Marilena Chauí
Vídeo 01
Quando os gregos pensavam na política, o que eles entendiam por política foi
alguma coisa que eles próprio inventaram. Isto não quer dizer que antes dos
gregos, antes dos romanos não houvesse o exercício do poder, não houvesse
governo, não houvesse autoridade. Claro que havia, nos grandes impérios que
existiram antes e depois do mundo grego e do mundo romano. Mas qual era a
marca do poder nestes grandes impérios antigos. A marca era a identidade entre o
poder e a figura do governante. O governante era a encarnação do poder. Como
pessoa encarnava nele a autoridade inteira, o poder inteiro. Ele era o autor da lei, o
autor da recompensa, o autor do castigo, o autor da justiça. Ou seja, a vontade do
governante, a vontade pessoal, individual dele era a única lei existente. O que nós
podemos dizer não é que não houvesse o poder, a autoridade antes dos gregos e
dos romanos. Pelo contrário, a imensidão dos grandes impérios antigos mostra que
o poder estava lá.
Qual é a diferença, entretanto dos gregos e romanos face a estes grandes impérios,
a este grande poder que havia na antiguidade?

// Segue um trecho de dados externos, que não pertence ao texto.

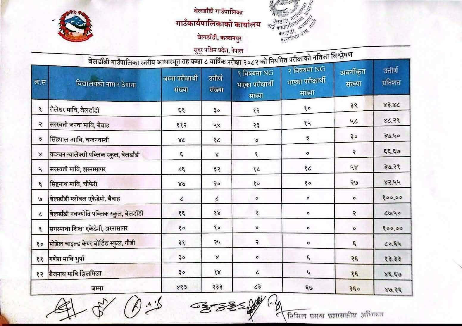 बेलौरी – बेलडाँडी गाउँपालिकामा पालिका स्तरीय आधारभूत तह कक्षा ८ को परीक्षामा आधा भन्दा बढी विद्यार्थी अनुत्तीर्ण भएका छन् ।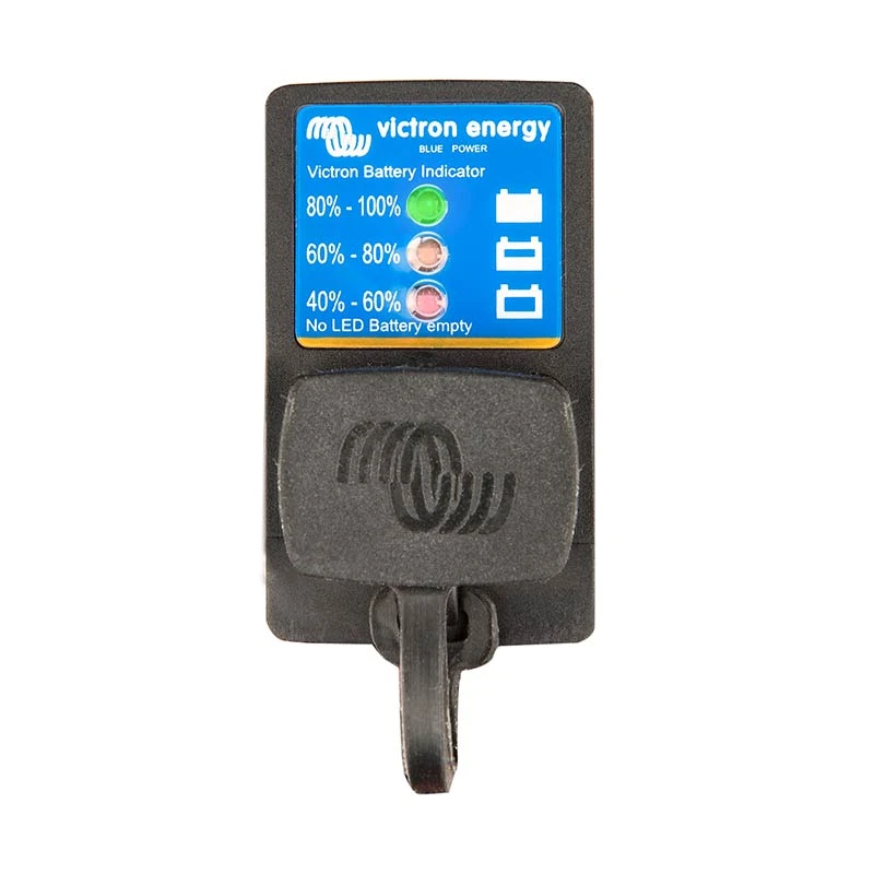 Batteriindikatorpanel som viser batteristatus. Panelet er tilbehør for Blue Smart og Blue Power IP65 ladere. Den passer bare til 12V blybatterier (flooded, GEL, AGM).

Antes dos gregos e dos romanos, a característica do poder era a identificação entre
o ocupante do poder e o próprio poder. Ou seja, o governante era o próprio poder.
Isto quer dizer uma coisa muito simples: a vontade do governante, a sua vontade
privada, pessoal, sua vontade arbitrária, caprichosa, o que lhe desse na telha, era a
lei. E era ela o critério para a guerra, para a paz, para a vida, para a morte, para a
justiça, para a injustiça.
Que fizeram os gregos e os romanos? Eles inventaram a Política.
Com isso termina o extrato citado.